Looking back on 2015, it’s been a rough year for the Office of Personnel Management (OPM). The headlines said it all – 22 million current and former federal employees, contractors, and in some cases, family members of those individuals, had personal information stolen out of an OPM database. The theft took place through July and August 2014; a second theft, this time of OPM data stored in an Interior Department data center, happened in December 2014. The exploits weren’t discovered until April 2015.
A scathing hearing was held by the House Oversight and Government Reform Committee in June, and OPM Director Katherine Archuleta resigned a month later. Earlier this month the agency announced it is bringing in Clifton Triplett, formerly the managing partner at SteelPointe Partners, an international management consulting firm, as senior cyber and IT advisor. Just last week President Obama formally nominated Beth Cobert, who has been serving as acting director, to head the agency.
In a press release announcing Triplett’s hire, OPM said he “will serve as a key advocate for advancing the state of enterprise architecture and cybersecurity, including information technology investments, capabilities, and services. Working alongside OPM’s CIO, Triplett will support the ongoing response to the recent incidents, complete development of OPM’s plan to mitigate future incidents, and recommend further improvements to best secure OPM’s IT architecture.” Triplett will report directly to Cobert.
While there is an element of “closing the barn door after the horse has been stolen,” the agency has been taking aggressive steps to strengthen its cybersecurity, including a 30-day “cyber sprint” to implement multifactor authentication, patching critical vulnerabilities, and identifying high-value assets.
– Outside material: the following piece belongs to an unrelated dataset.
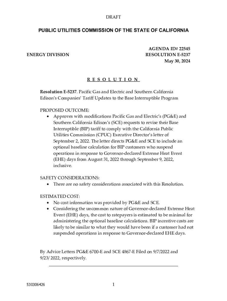 DRAFTPUBLIC UTILITIES COMMISSION OF THE STATE OF CALIFORNIA AGENDA ID# 22545 RESOLUTION E5237 May 30, 2024ENERGY DIVISIONR E S O L U T I O N Resolution E5237. Pacific Gas and Electric and Southern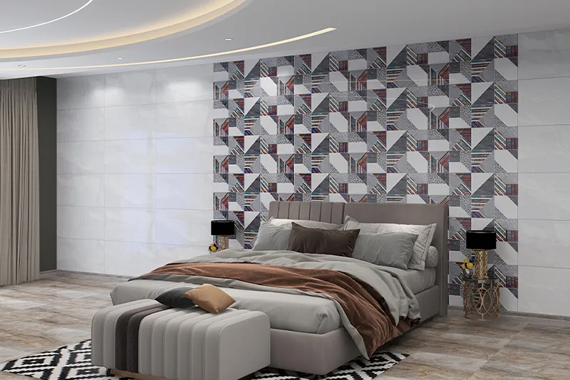 یکی از ترندهای محبوب در طراحی داخلی، ایجاد دیوار شاخص یا دیوار مرکزی (Accent Wall) با استفاده از سرامیک است. در این روش، تنها یکی از دیوارها (معمولاً دیوار پشت تخت ) با طرحی خاص و متفاوت پوشانده می شود تا مرکز توجه فضا باشد.

We reached out to OPM to see what lessons they’ve learned from the incidents. The agency is incorporating guidance from the Department of Homeland Security’s Computer Emergency Response Team (CERT), National Institute of Standards and Technology (NIST), the Office of Management and Budget, NSA, and the Federal CIO, according to an OPM IT program specialist, along with industry best practices. Collaborations with agency partners to design and implement new infrastructure are ongoing. Cybersecurity experts from OMB’s Office of e-Government and Information Technology also are working closely with OPM personnel, she said.
The IT program specialist said OPM is in “the early stages” of implementing continuous diagnostics and mitigation tools through DHS’ CDM program, with full deployment targeted for the end of March 2016. The tools will be used for a wide range of tasks, including routine compliance scans to locate security vulnerabilities, using real-time monitoring dashboards to detect anomalies from normal network activities, and integrating Indicators of Compromise (IOC) intelligence feeds into the agency’s security infrastructure.
The agency also is committed to expanding the use of analytics. The program specialist said planning is under way to deploy a data analytics tool that provides advanced log correlation technology, and another tool that will gather large datasets to create network activity baselines in order to spot anomalies.
John Sellers, head of federal sales for Lancope, a provider of network visibility and security intelligence commented on the importance of agencies leveraging security analytics. “It is crucial that federal agencies rely on a concept known as ‘context-aware security’. Context-aware security hinges on knowing what normal, everyday activity on the network looks like in order to identify suspicious or abnormal behavior,” he told us. Sellers went on to say that, “today’s modern network has too much activity and too many users for a person to make sense of it manually.”
Solutions, like the Lancope’s StealthWatch® System can baseline activity from or to every host and machine on the network to determine what normal operation looks. Sellers explained that any activity that falls outside that threshold is immediately red flagged, allowing for either an automated response, or allowing security personnel to investigate and mitigate the threat before data is stolen. Additionally, Sellers told us that StealthWatch also recognizes behaviors commonly associated with threats such as data hoarding, reconnaissance, unauthorized access to sensitive information and data exfiltration.
In addition to expanding the use of security analytics, OPM plans to increase security awareness training and requirements to reflect current issues and threats, and provide those affected by the breaches with identity protection services. The program specialist said the latter effort may establish a precedent that could lead to creation of new federal policy.